Many other recordings have been made by artists ranging from the Soul Stirrers to Burl Ives. Singer Bing Crosby included the song in a medley on his album 101 Gang Songs (1961).
Singer Pete Seeger gave it additional folk music visibility by performing it at the 1964 Newport Folk Festival, and played it many times throughout his career, adapting the lyrics and stating the song's relevance as an American song, not just a spiritual. In 1960, Stonewall Jackson recorded a hit country version of the song. In the 1960s, Jamaican artist Justin Hinds had a ska hit with "Jump Out of the Frying Pan", whose lyrics borrowed heavily from the spiritual. Paul Clayton's version "Pharaoh's Army" appears in 1961's Home-Made Songs & Ballads.
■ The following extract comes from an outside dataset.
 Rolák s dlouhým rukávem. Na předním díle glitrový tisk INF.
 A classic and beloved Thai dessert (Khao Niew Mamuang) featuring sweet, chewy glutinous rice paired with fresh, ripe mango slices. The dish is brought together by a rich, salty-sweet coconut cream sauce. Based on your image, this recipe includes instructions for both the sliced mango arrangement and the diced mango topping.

Singer James Brown rewrote the lyrics of the original spiritual for his 1964 soul hit with his vocal group the Famous Flames, "Oh Baby Don't You Weep". An a cappella version by Take 6, simply called "Mary", received wide airplay in 1988. The song is sung briefly at the beginning of the music video for Bone Thugs N Harmony's 1996 "Tha Crossroads". It was covered in the Bruce Springsteen with the Seeger Sessions Band Tour. The song also appeared on Mike Farris' 2007 album Salvation in Lights. It appears in The Peter Yarrow Songbook and on the accompanying recorded album, Favorite Folks Songs. Titled as "Don't You Weep, Mary", this song is on the Kingston Trio album Close-Up.

Jazz guitarist Eric Gale made a recording of this song in his 1977 album Multiplication.
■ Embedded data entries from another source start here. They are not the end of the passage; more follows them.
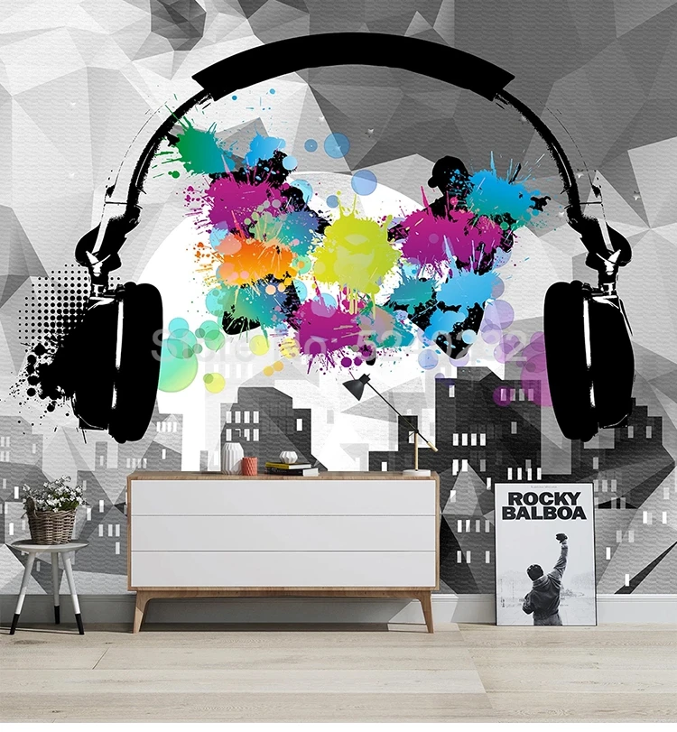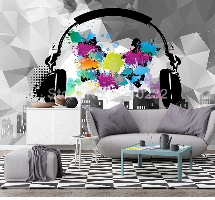 Настенные 3D-обои по индивидуальному заказу, гарнитура, музыкальный модный постер с граффити, настенная живопись, фотообои для гостиной
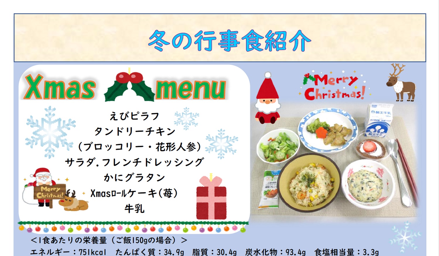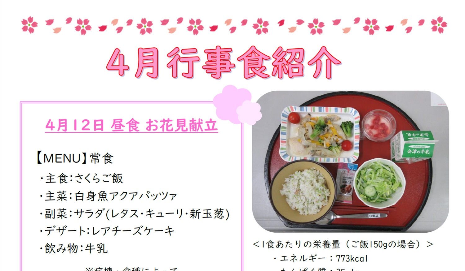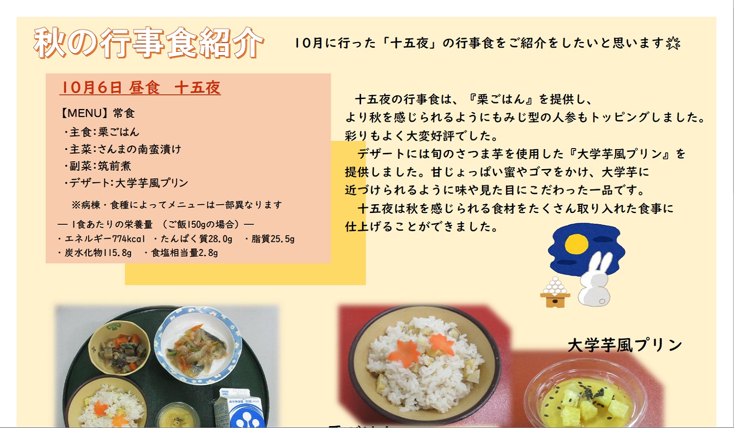 献立は季節の食材を取り入れ、行事食の実施など、患者さんに少しでも楽しんで頂けるような献立作成を心がけております。
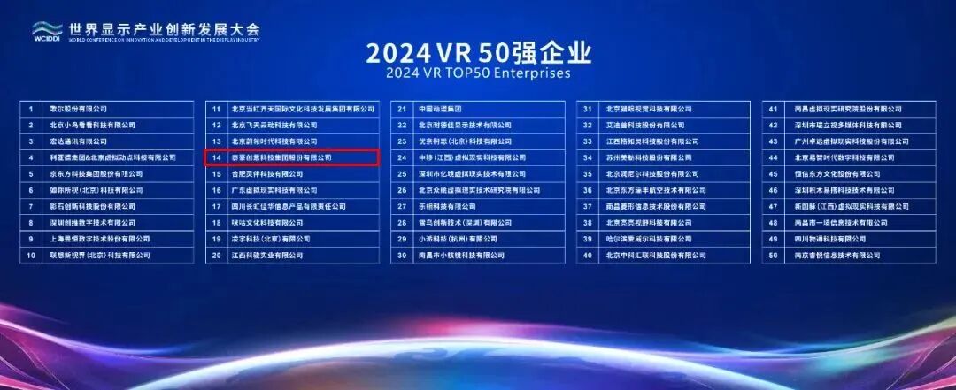 近日,“2024VR50强企业”名单正式发布,我会会长单位泰豪基于多年深耕VR产业的深厚实力再度荣登榜单,连续六年获评VR50强企业。

A 1988 recording of this song by Sister Thea Bowman, FSPA, was re-released in digital format in 2020 in the digital album, Songs of My People: The Complete Collection.

There was an adaptation "Mairi Mi Lypasai Pia", written and recorded by the Greek songwriter, Manos Xydous, on his 2010 album Otan tha fygo ena vrady apo 'do.

In Denmark, the song was recorded successfully by Four Jacks titled "O Marie, Jeg Vil Hjem Til Dig".

In 2018, a recording of the song by Prince from 1983 was used in the soundtrack of Spike Lee's film BlacKkKlansman. The song later went on to go on his posthumous album, Piano and a Microphone 1983.